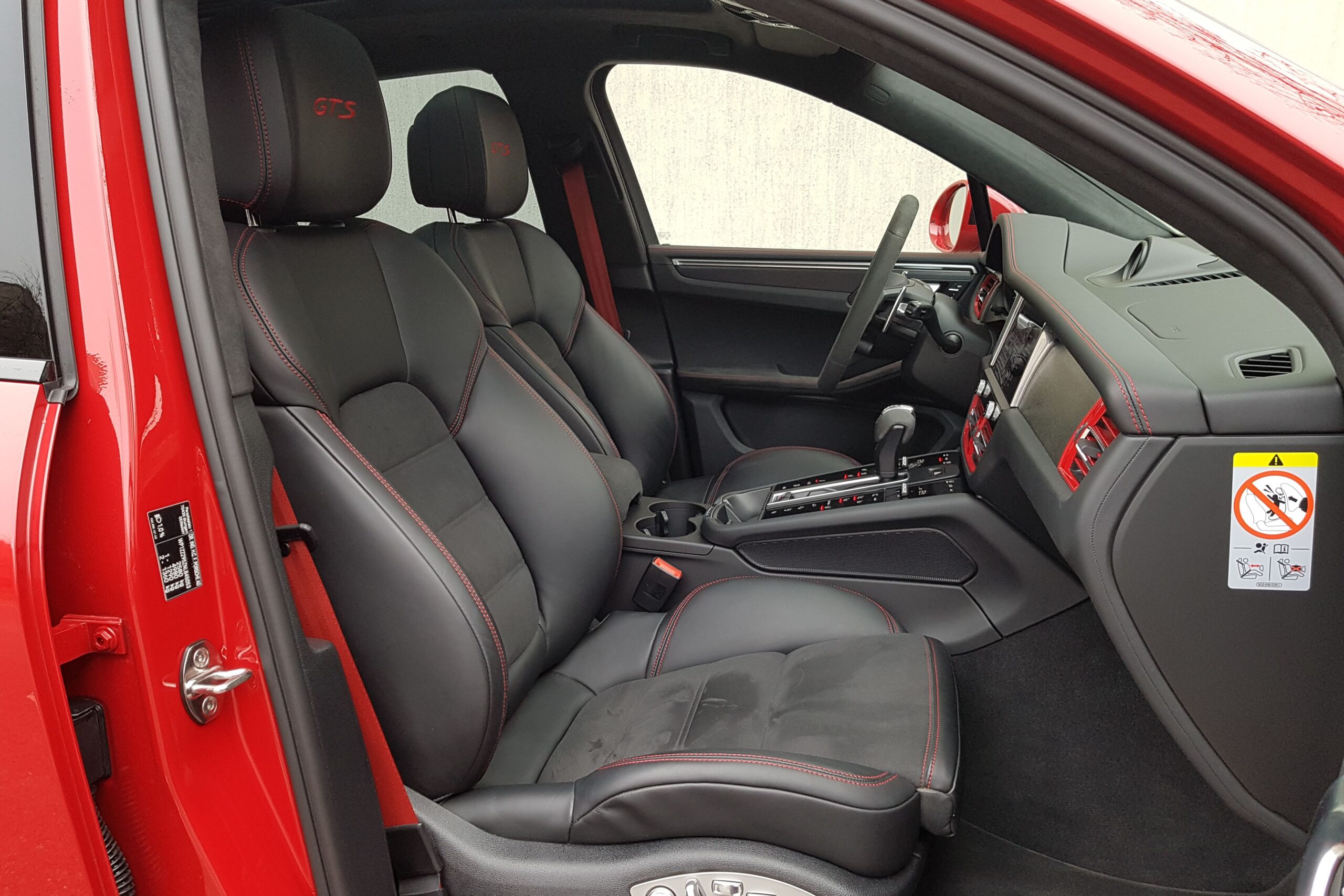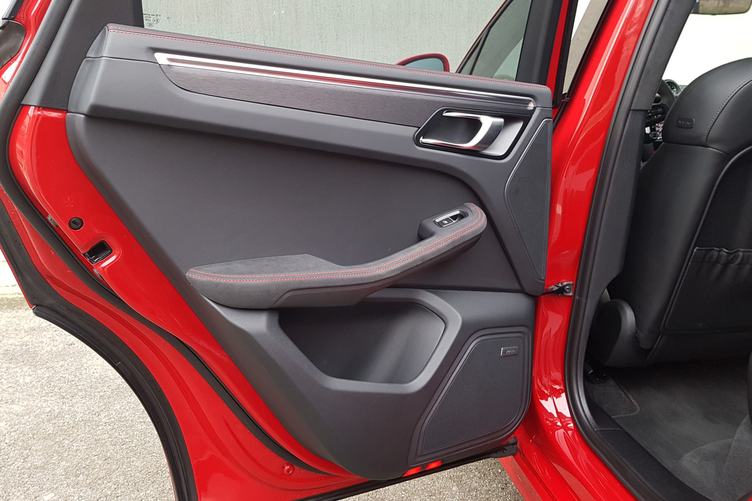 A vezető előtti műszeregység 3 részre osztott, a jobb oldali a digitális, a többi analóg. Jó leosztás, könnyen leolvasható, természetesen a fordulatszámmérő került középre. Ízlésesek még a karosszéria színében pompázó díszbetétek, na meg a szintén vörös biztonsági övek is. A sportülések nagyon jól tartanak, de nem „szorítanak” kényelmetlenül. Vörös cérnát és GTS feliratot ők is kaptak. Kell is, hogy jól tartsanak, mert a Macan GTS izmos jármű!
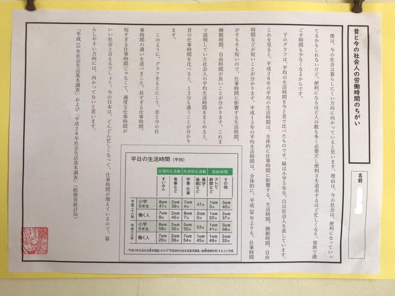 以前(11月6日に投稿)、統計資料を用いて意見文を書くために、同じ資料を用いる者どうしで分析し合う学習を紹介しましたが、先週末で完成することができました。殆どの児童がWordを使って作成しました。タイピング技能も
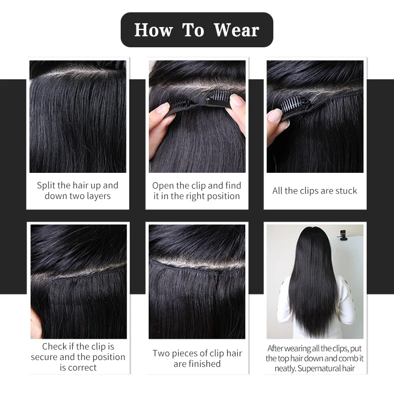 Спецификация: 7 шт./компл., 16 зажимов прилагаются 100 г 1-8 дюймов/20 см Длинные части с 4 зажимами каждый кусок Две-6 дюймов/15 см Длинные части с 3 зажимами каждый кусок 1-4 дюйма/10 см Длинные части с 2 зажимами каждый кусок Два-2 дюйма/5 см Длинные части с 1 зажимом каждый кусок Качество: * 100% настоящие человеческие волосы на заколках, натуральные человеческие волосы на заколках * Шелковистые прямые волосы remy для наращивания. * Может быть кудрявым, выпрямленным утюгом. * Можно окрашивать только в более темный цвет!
────────────────
» WHAT THE TASK REQUIRES
Exactly as written, return each line above and leave the pictures behind.

» WRITTEN SOLUTION
 A vezető előtti műszeregység 3 részre osztott, a jobb oldali a digitális, a többi analóg. Jó leosztás, könnyen leolvasható, természetesen a fordulatszámmérő került középre. Ízlésesek még a karosszéria színében pompázó díszbetétek, na meg a szintén vörös biztonsági övek is. A sportülések nagyon jól tartanak, de nem „szorítanak” kényelmetlenül. Vörös cérnát és GTS feliratot ők is kaptak. Kell is, hogy jól tartsanak, mert a Macan GTS izmos jármű!
 以前(11月6日に投稿)、統計資料を用いて意見文を書くために、同じ資料を用いる者どうしで分析し合う学習を紹介しましたが、先週末で完成することができました。殆どの児童がWordを使って作成しました。タイピング技能も
 Спецификация: 7 шт./компл., 16 зажимов прилагаются 100 г 1-8 дюймов/20 см Длинные части с 4 зажимами каждый кусок Две-6 дюймов/15 см Длинные части с 3 зажимами каждый кусок 1-4 дюйма/10 см Длинные части с 2 зажимами каждый кусок Два-2 дюйма/5 см Длинные части с 1 зажимом каждый кусок Качество: * 100% настоящие человеческие волосы на заколках, натуральные человеческие волосы на заколках * Шелковистые прямые волосы remy для наращивания. * Может быть кудрявым, выпрямленным утюгом. * Можно окрашивать только в более темный цвет!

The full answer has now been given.